Darüber hinaus wird auch die Sehschärfe durch verschiedene Tests bestimmt. Um mögliche Blutungen im Glaskörper auszuschließen, kann eine Ultraschalluntersuchung der Netzhaut veranlasst werden. Eine optische Kohärenztomographie (spezielles bildgebendes Untersuchungsverfahren der Netzhaut) wird durchgeführt, wenn sich die Netzhaut vermutlich im Bereich der Makula abgelöst hat.

Netzhautablösung: Verlauf, Prognose und Spätfolgen

Verlauf und Prognose hängen bei einer Netzhautablösung vor allem davon ab, wie weit und an welcher Stelle sich die Netzhaut abgelöst hat und wie schnell die Behandlung erfolgt. In rund 90 Prozent der Fälle kann eine rissbedingte Netzhautablösung durch eine OP geheilt werden. 

Bis zu welchem Grad die Sehkraft wiederhergestellt werden kann, hängt jedoch davon ab, wie lange die Netzhaut abgelöst war. Unbehandelt schreitet eine Netzhautablösung in der Regel fort und führt fast immer zur Erblindung.

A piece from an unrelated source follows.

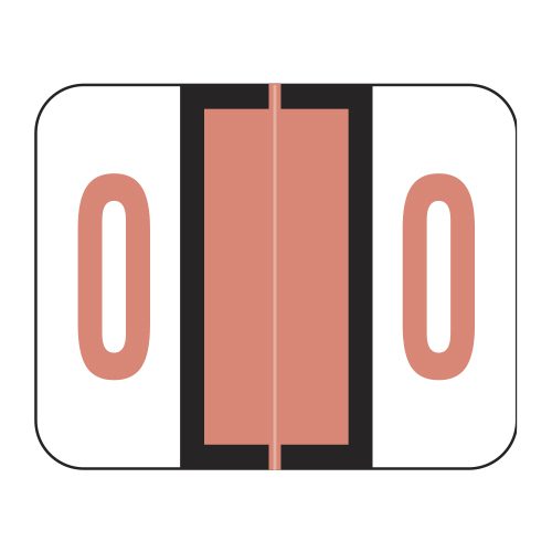 These are TPNV compatible number “0” labels. Each label wraps around the end of a file folder to label that folder for numerical filing. They feature a wrap-around solid pink color bar and a matching color “0” printed on a white background. The number “0” will be visible on each side of the folder when applied. Each label is 1-1/4″ wide and 1″ high. Labels are laminated and sold per roll of 500.

Komplikationen und Spätfolgen

Eine Netzhautablösung kann mit einigen Komplikationen und weiteren Schäden im Auge verbunden sein: 

  • Möglich sind Einblutungen in den Glaskörper durch Gefäßeinrisse, was das Sehvermögen verschlechtert.
  • Nach einer Operation kann es zu einer Narbenreaktion der Netzhaut kommen. Diese proliferative Vitreoretinopathie (PVR) kann zu einer erneuten Abhebung der Netzhaut mit Sehverlust führen. 
  • Eine Vitrektomie beschleunigt die Entwicklung einer Linsentrübung (Grauer Star).
  • Zudem kann sich der Augeninnendruck nach einer OP erhöhen und ein Glaukom (Grüner Star) entstehen.

Unter Umständen kann sich die Netzhaut wieder lösen, was eine erneute OP erforderlich macht. Deshalb sind regelmäßige Kontrollen beider Augen in einer augenärztlichen Praxis besonders wichtig.

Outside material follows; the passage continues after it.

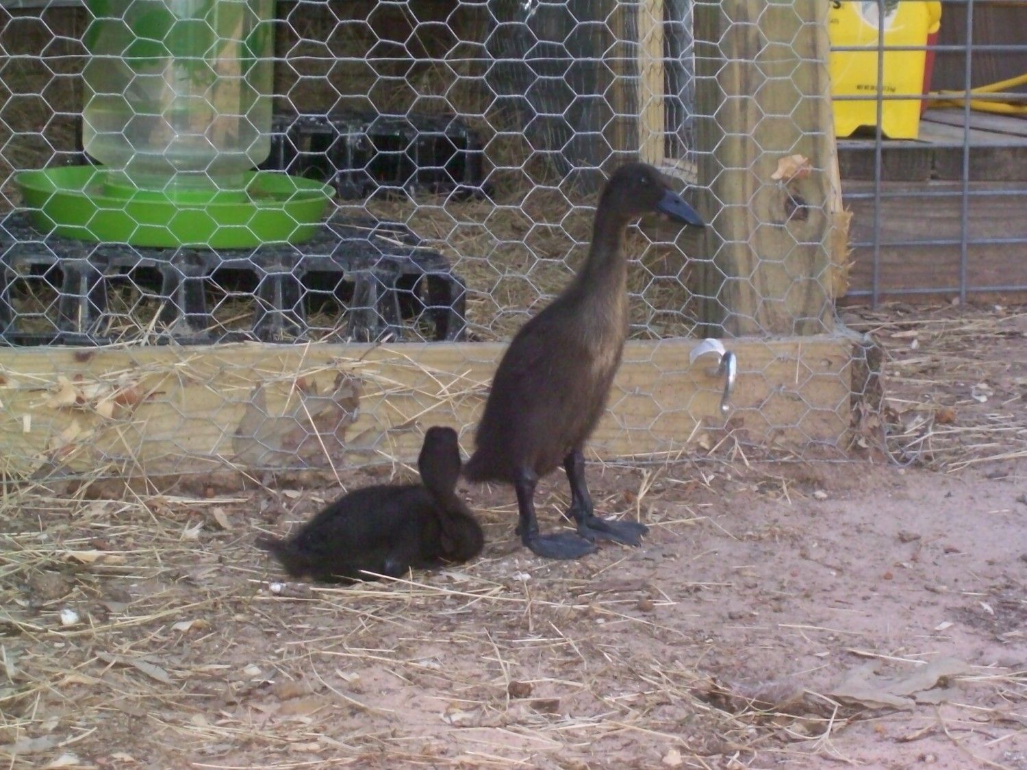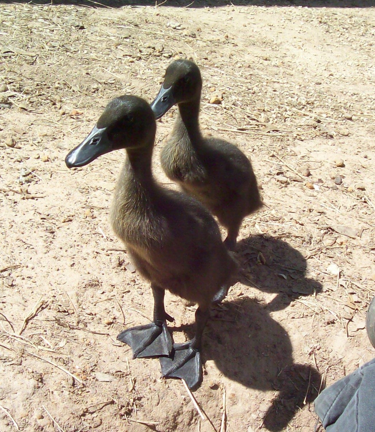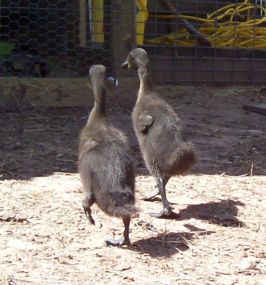 I only have two now. The other two ducks I gave to a friend of mine. They have hit that awkward feet stage. I noticed that today. It is adorable. It reminds me of when our Great Dane was growing through those puppy stages. Her feet looked just as big on her as their feet look on them. Their bill looks a bit disproportionate as well. These were taken today.

Lässt sich einer Netzhautablösung vorbeugen?

Eine vollständige Ablösung der Netzhaut kann verhindert werden, indem Betroffene bei ersten Anzeichen wie Lichtblitzen und plötzlich auftretenden schwarzen Punkten im Sichtfeld schnellstmöglich eine augenärztliche Praxis aufsuchen.

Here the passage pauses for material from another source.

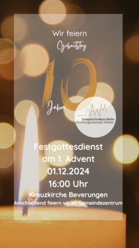 Am 1. Adventssonntag, dem 1.12.2024 beginnt für die Evangelische Weser-Nethe-Kirchengemeinde das 11. gemeinsame Kirchenjahr. Aus diesem Anlass lädt die Gemeinde alle Mitglieder, aber auch Freunde und ökumenische Begleiter der Gemeinde, zu einem gemeinsamen Festgottesdienst um 16:00 Uhr in der Kreuzkirche Beverungen ein. Im Anschluss wird im benachbarten Gemeindezentrum miteinander gefeiert.

Besteht ein erhöhtes Risiko für eine Netzhautablösung, sollten Menschen ab 40 Jahren regelmäßig ihre Augen kontrollieren lassen. Die Wahrscheinlichkeit einer Netzhautablösung ist beispielsweise erhöht

  • bei Diabetes mellitus,
  • bei Kurzsichtigkeit,
  • nach einer kürzlich erfolgten OP eines Grauen Stars (Katarakt) oder
  • wenn es in der Vergangenheit bereits zu einer Netzhautablösung kam.